Figure 7. Failure of innate immune signaling in neural stem cells.

(A) Innate immune activity in neural stem cell (left) and differentiated cultures (right), as measured by phosphorylation of key signaling proteins (TBK1, IRF3, STAT1) after 1 and 2 days of ZIKV infection in bulk cultures. (B) Dot plot representing steady state, IFN-β-, and ZIKV-induced expression levels for innate immune signal transduction components in scRNAseq data. Color scale represents normalized expression (scaled median z-score across all genes and conditions in the plot). (C-D) IFN-β gene induction in bulk cultures by qPCR in neural stem cell (dark grey) and differentiated cultures (light grey), induced by treatment with a RIG-I agonist (C, poly(U/UC) transfection) or TLR3 agonist (D, poly(I:C) extracellular application). (E) Firefly luciferase activity, induced under control of an exogenous IFN-β promoter in response to poly(U/UC) or poly(I:C). Firefly luciferase was normalized to Renilla luciferase driven by a CMV promoter to control for transfection efficiency. (F-G) IFN-β induction in response to high ZIKV inoculum or the strong RIG-I agonist, Sendai virus.
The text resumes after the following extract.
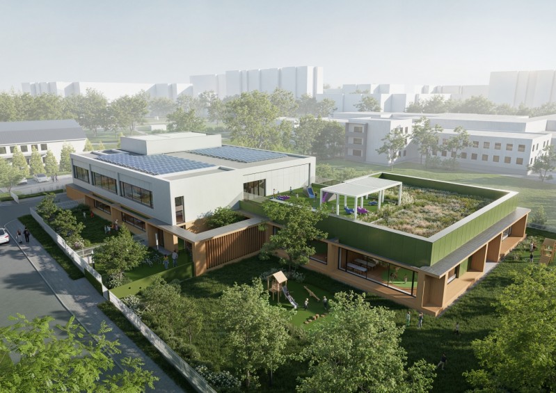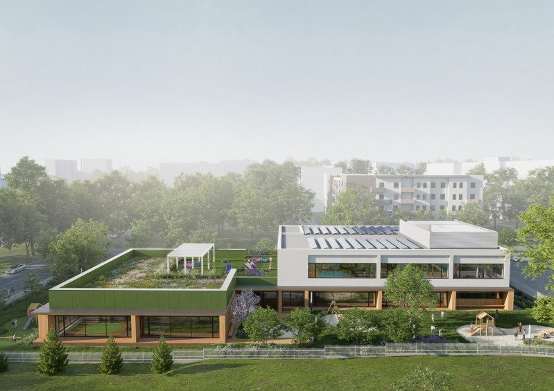 Nowa placówka wyposażona zostanie w rozwiązania przyczyniające się do zredukowania kosztów użytkowania. Zainstalowane zostaną panele fotowoltaiczne oraz dach ekstensywny (zielony) z ekonomiczną i łatwą w utrzymaniu matą rozchodnikową. Obiekt wyposażony będzie ogrzewanie podłogowe, system wody szarej do spłukiwania toalet, bezdotykowe baterie i spłuczki z ograniczeniem zużycia wody. Powierzchnie placów zabaw i chodników wykonane zostaną z nawierzchni przepuszczalnych, aby poprawić retencję wody.
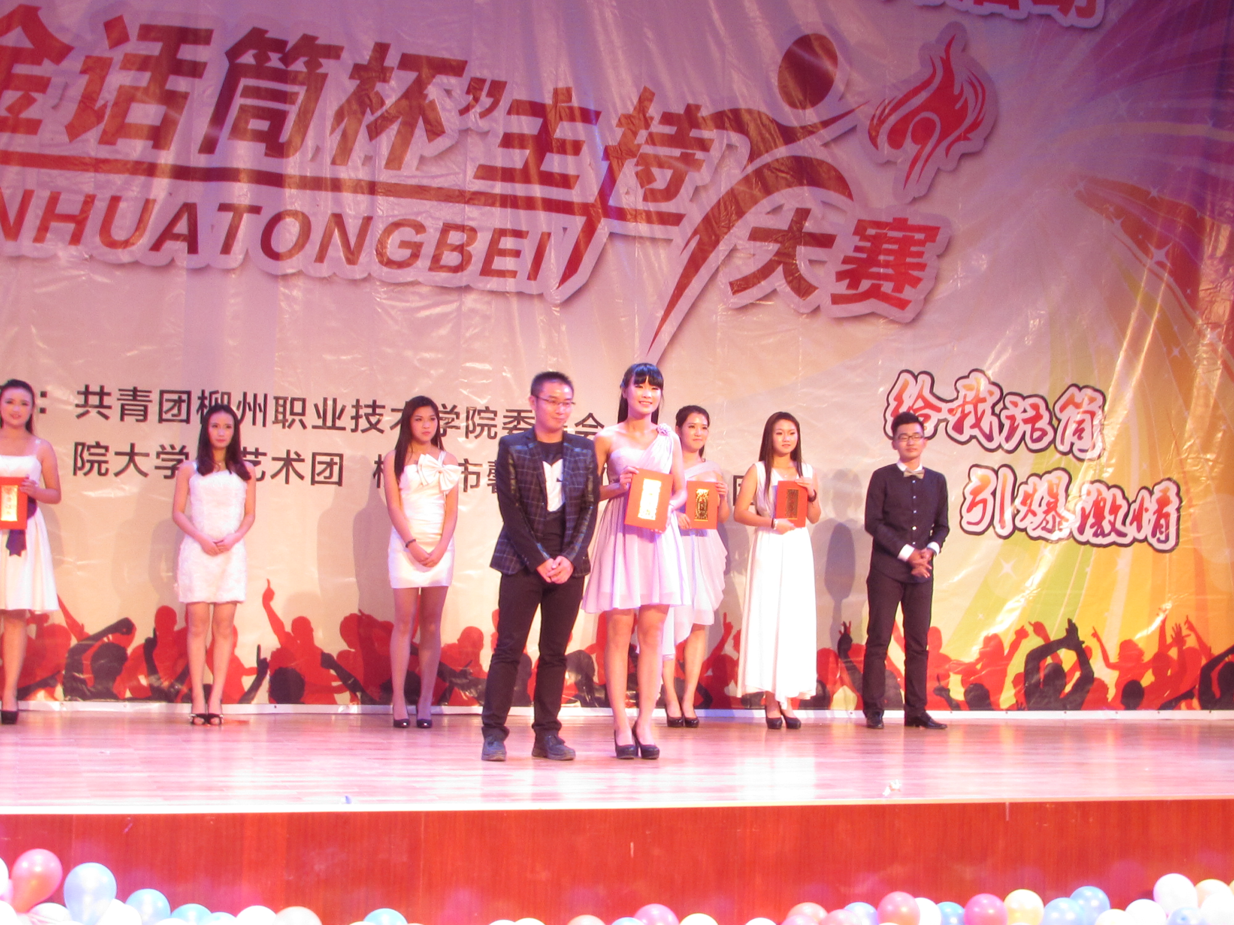 经过激烈的角逐,秦艳秋同学以突出的表现获得三位评委老师的赞赏,高分获得了冠军,龙飞、蒙俊谷同学获得二等奖,唐嘉敏、彭梦琳、严倩娜同学获得了三等奖。院团委老师杨小浒和评委老师给获奖选手颁了奖。

P-values on graphs in C-D represent unpaired t-test. (H-I) Differential gene expression comparing ZIKV+ cells to MOCK according to level of ZIKV RNA. Astrocytes significantly upregulated innate immune signaling genes (CXCL10, CCL5, IFNB1) at the highest level of ZIKV reads. (J) IFNB1-expressing cells according to cell type (color) and ZIKV infection status (border) across treatment conditions. (K-L) Differentially expressed genes (x-axis) in IFNB1-expressing cells as identified in (J), compared to IFNB-negative cells in the same treatment condition. Significance likelihood reflects bootstrap analysis of 100 DE comparisons and is a measurement of the percent of comparisons in which the gene fold change was identified as significant with adjusted p-value <0.05. Color reflects average log₂-fold change across all comparisons.